At the mouth of Salem Harbor, closer to Manchester than to Salem, and inaccessible to the public, is an enchanting, 60-acre tract of land known as Baker’s Island.
Where Baker’s Island got its name is not known. It dates back at least to 1631 when the island was claimed by the newly organized Commonwealth of Massachusetts and its governor, John Winthrop.
Baker’s Island remained in the hands of the Colonial government until 1660, when the General Court granted a request by the town of Salem to annex both Baker’s and Misery islands. Attached to the legislation was a stipulation that fishermen be allowed to use any of the islands for curing fish and harvesting wood to build houses or fishing stages.
In 1670, Salem acted to prevent men from neighboring Marblehead from cutting and removing wood from Baker’s Island. Francis Collins was given the right to build houses on the island for himself and his son. In return, they were to protect Baker’s Island from encroachment by trespassers looking to harvest wood without the approval of the selectmen.
Despite this attempt to protect its timber, Baker’s was soon deforested. Gradually it became used as pasture land by Salem farmers who transported their livestock there for the summer.
In 1678 and 1679, the town leased Baker’s Island to John Turner, a successful Salem merchant, for 3 pounds a year.

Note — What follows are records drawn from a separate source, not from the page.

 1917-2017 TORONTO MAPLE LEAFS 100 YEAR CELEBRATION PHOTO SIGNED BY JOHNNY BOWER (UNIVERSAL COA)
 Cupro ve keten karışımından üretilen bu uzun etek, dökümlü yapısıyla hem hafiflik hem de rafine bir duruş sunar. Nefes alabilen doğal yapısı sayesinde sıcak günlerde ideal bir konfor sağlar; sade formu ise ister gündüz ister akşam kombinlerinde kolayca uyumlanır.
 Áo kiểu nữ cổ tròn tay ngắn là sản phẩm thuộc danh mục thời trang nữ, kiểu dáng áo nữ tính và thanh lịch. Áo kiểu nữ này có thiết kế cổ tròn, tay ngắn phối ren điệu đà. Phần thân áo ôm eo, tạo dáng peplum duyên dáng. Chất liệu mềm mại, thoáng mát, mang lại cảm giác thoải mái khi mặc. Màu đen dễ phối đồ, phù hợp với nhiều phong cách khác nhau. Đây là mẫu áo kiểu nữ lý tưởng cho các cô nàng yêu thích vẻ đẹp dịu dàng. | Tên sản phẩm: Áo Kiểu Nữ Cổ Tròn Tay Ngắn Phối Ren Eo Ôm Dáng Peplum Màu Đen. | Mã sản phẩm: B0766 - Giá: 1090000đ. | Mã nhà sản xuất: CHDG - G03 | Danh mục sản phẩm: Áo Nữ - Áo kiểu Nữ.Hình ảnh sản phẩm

Turner then erected a summer home there.
The town retained the right to use the island for its own purposes, and in 1685 the Salem selectmen decreed that all cotton imported from smallpox-ravaged Barbados should be off-loaded at Baker’s Island to prevent the spread of the disease.

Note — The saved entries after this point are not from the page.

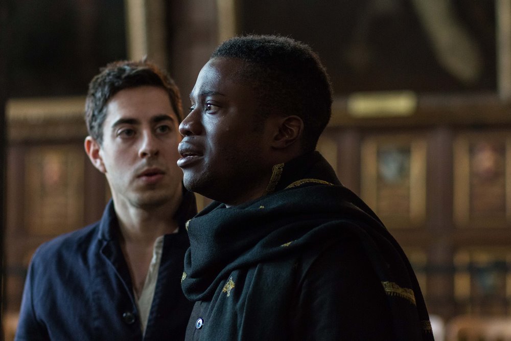 Skats no izrādes “Hamlets”: Horācijs – Metjū Romeins, Hamlets – Ladi Emeruva // Publicitātes foto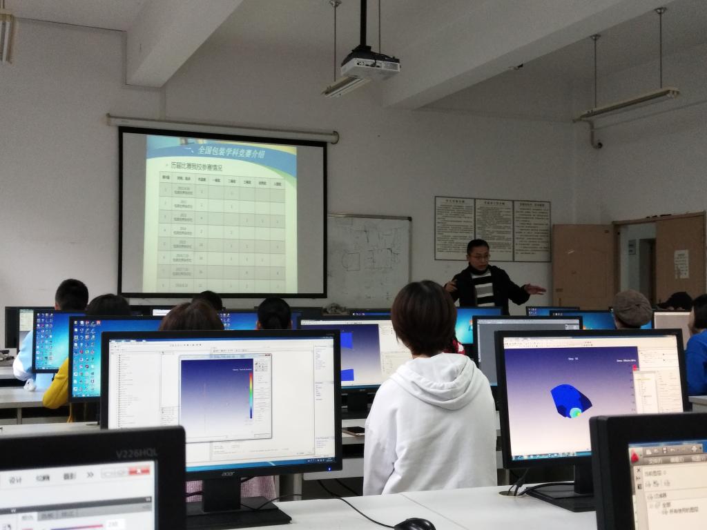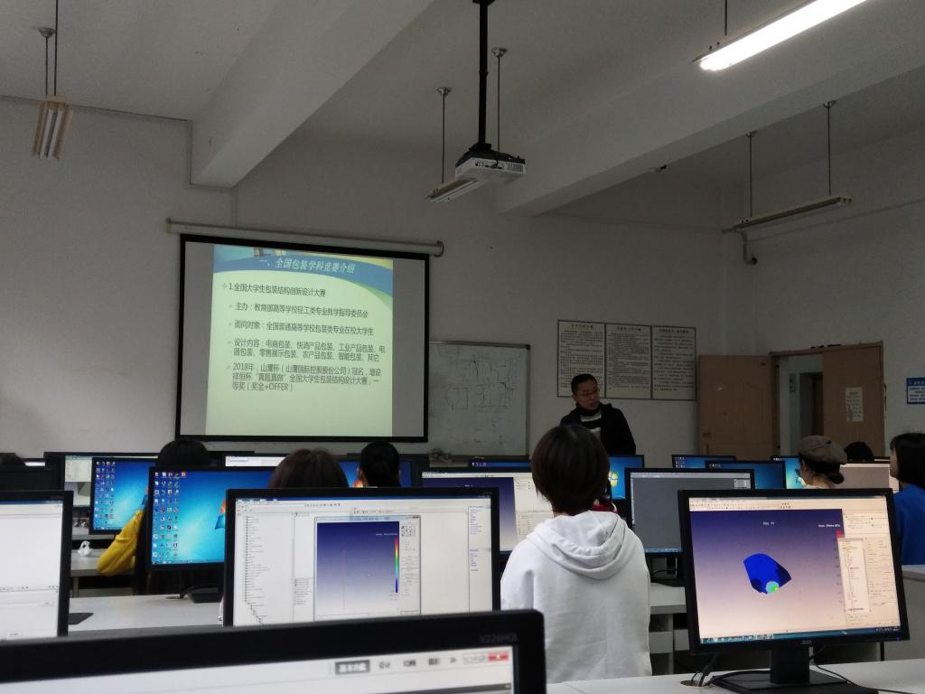 首先,老师用PPT对全国包装学科竞赛进行了介绍以及本次比赛的设计内容。紧接着,老师围绕两大比赛,向同学们讲解了本次赛事的要求,列举出三大自主命题,分别是视觉平面设计、包装结构设计、工业设计。再对“2018年,“山鹰杯”冠名,增设祥恒杯“真题真做”全国大学生包装结构设计大赛、一等奖(奖金+OFFER)”展开讨论。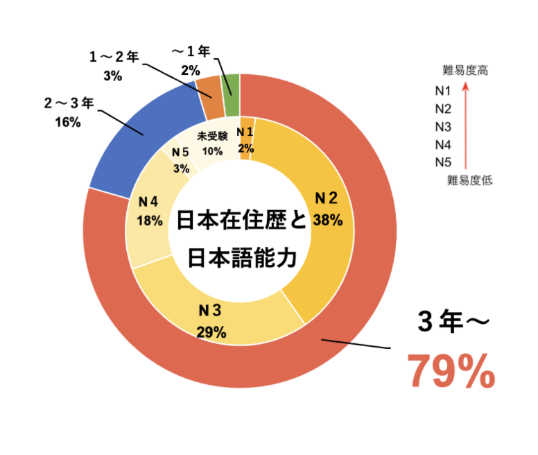 長期にわたる日本での留学・就労経験から、日本の文化やマナーに理解のある外国人を中心にご紹介させて頂けます。日本語レベルとしてはN3以上の外国人が全体の約7割を占めており、日本人と流暢なコミュニケーションが可能です。

Baker’s Island stayed in the Turner family until 1770, when John Turner III sold it to John Erving of Boston. For the next century, Baker’s Island was used by a succession of owners and their tenants for a summer retreat, farming, or a combination of the two.
While the island may have been viewed by the Turners and later owners as a delightful summer sanctuary, to local mariners Baker’s, the Miseries, and the reef- and ledge-filled waters surrounding them were threats to navigation. Finally, in 1791, after some intense lobbying and fund-raising on the part of the Salem Marine Society, a 57-foot warning beacon was erected on Baker’s Island.

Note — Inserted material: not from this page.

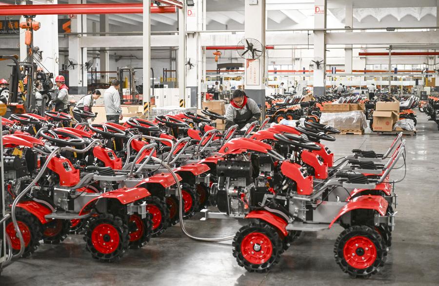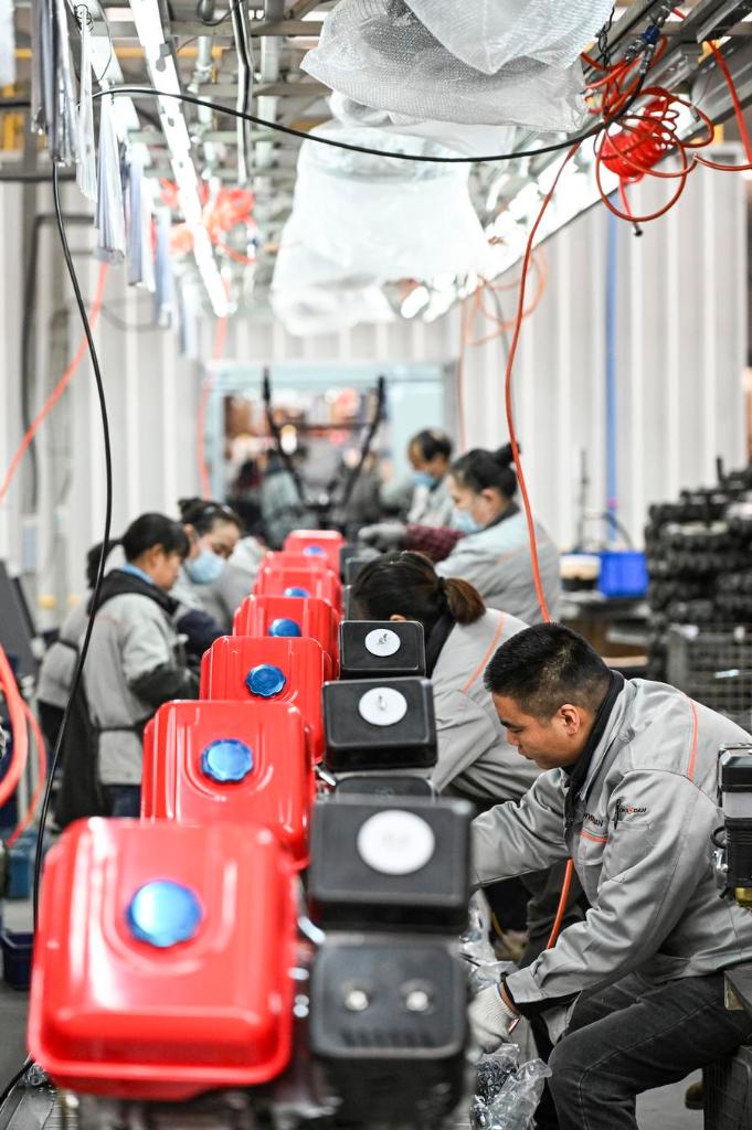 Workers operate at a production line of Chongqing Hwasdan Machinery Manufacturing Co., Ltd. in southwest China's Chongqing Municipality, Feb. 22, 2025.(Xinhua/Wang Quanchao)

A few years later this beacon was replaced by a pair of lighthouses affectionately known as Ma and Pa Baker (Ma Baker was later demolished). The twin lighthouses sat along with a keeper’s cottage on a 10-acre parcel taken over by the federal government.
The portion of Baker’s Island not owned by the government was purchased in 1877 by a homeopathic doctor from Salem named Nathan Morse. The doctor immediately enlarged a cottage on the island for himself and began construction of a hotel. The hotel opened for the season in 1888 and was called the Winne-Egan, meaning “beautiful expanse of water.”
It had 50 guest rooms and catered to seekers of “health, pleasure and needed rest.” Some of the food to feed his guests came from Morse’s island vegetable farm. He also had a small herd of cows. Fresh water was provided by a pond that the doctor had enlarged and by a well.
Hotel guests could sail, fish, swim, play tennis, or take a quick trip around the hotel’s six-hole golf course. Morse also organized a variety of cultural activities for his guests, including plays, concerts, and lectures. What the health-conscious doctor did not offer was alcohol. The Winne-Egan catered to those more interested in health than hooch.
The Hotel Winne-Egan in its busiest summer attracted more than 1,000 visitors. The popular inn lasted until 1906 when an accidental fire burned it to the ground.
While his hotel is gone, Morse’s legacy lives on. Today, Baker’s Island features the private summer colony, some 55 cottages in all, that began developing with the doctor’s encouragement during his years as the island’s owner.